Avaliação prognóstica
Com base nos achados clínicos na apresentação, em exames laboratoriais iniciais, e na etiologia da IHA, pode-se realizar uma avaliação quanto à gravidade e ao prognóstico associados à evolução da IHA.
A etiologia é um fator essencial na avaliação do prognóstico.[4] Hepatotoxicidade do paracetamol é mais comumente associada à apresentação hiperaguda e a uma maior taxa de recuperação espontânea, ao contrário de reações idiossincráticas ao medicamento, que podem ter uma evolução subaguda e apresentar um prognóstico menos favorável.[6][13] A hepatite A aguda e a hepatite isquêmica também têm um prognóstico relativamente favorável. Hepatite B aguda, hepatite autoimune, doença de Wilson, síndrome de Budd-Chiari e causas indeterminadas indicam um prognóstico mais desfavorável.[8]
A encefalopatia hepática de grau 3 ou 4 na internação hospitalar indica um prognóstico mais desfavorável.

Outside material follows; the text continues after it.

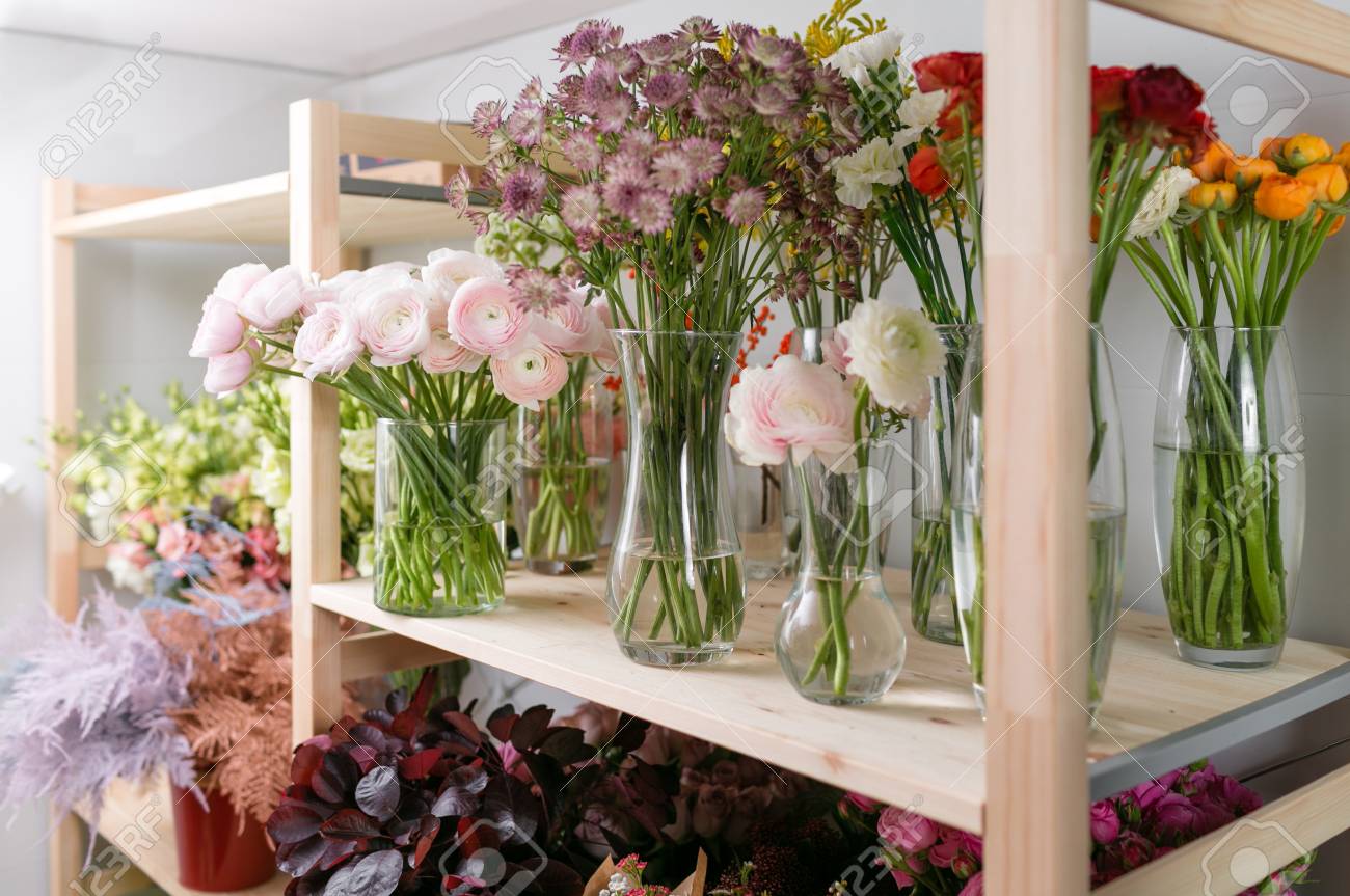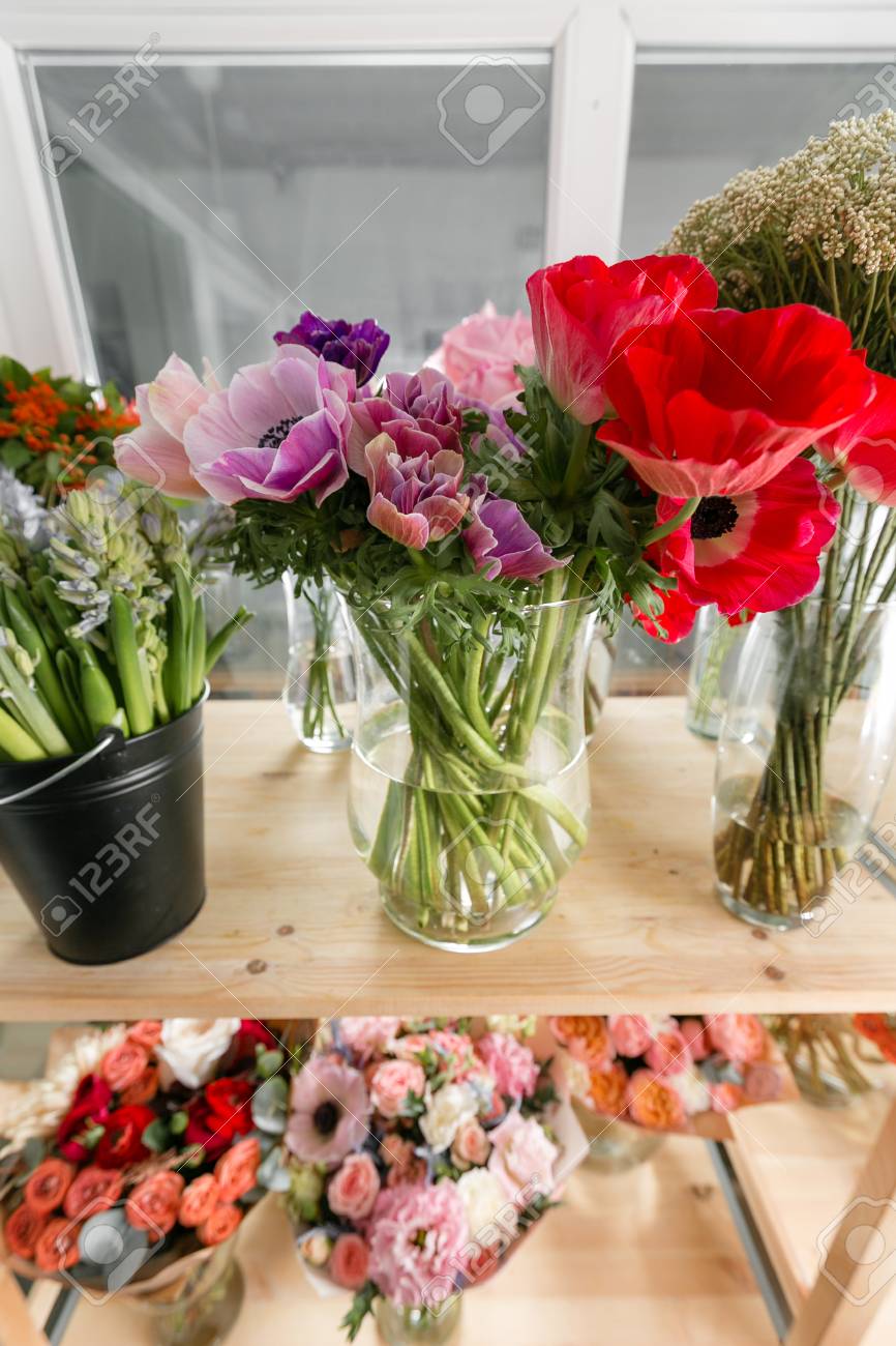Immagini Stock Diverse Varieta Fiori Freschi Di Primavera In Frigorifero Per Fiori Nel Negozio Di Fiori Mazzi Sulla Mensola Commercio Di Fioristi Image 90695061

Exames laboratoriais, inclusive INR, bilirrubina, creatinina e logaritmo negativo da atividade de íons hidrogênio são componentes de ferramentas prognósticas como os critérios do King's College. Um nível baixo de fator V na presença de encefalopatia hepática pode ser preditivo de mortalidade, sobretudo em pacientes com IHA secundária a hepatite viral.[62] Em um estudo de coorte prospectivo realizado com pacientes com IHA, observou-se que os limiares ideais de fator V preditivos de sobrevida foram >10.5% do normal na IHA associada a paracetamol e de >22% do normal na IHA não associada a paracetamol.[63]
Vários critérios prognósticos já foram propostos e validados no contexto da IHA. Esses critérios podem ser fundamentais na identificação de pacientes com risco elevado de mortalidade. A ferramenta prognóstica mais amplamente aceita são os critérios do King's College.[64] Em geral, esses critérios são fundamentais na seleção de pacientes com alto risco de mortalidade por IHA. No entanto, tais critérios apresentam limitações; portanto, a American Association for the Study of Liver Diseases não recomenda que os profissionais da saúde confiem em escores prognósticos para determinar se um paciente é candidato a transplante do fígado.[8]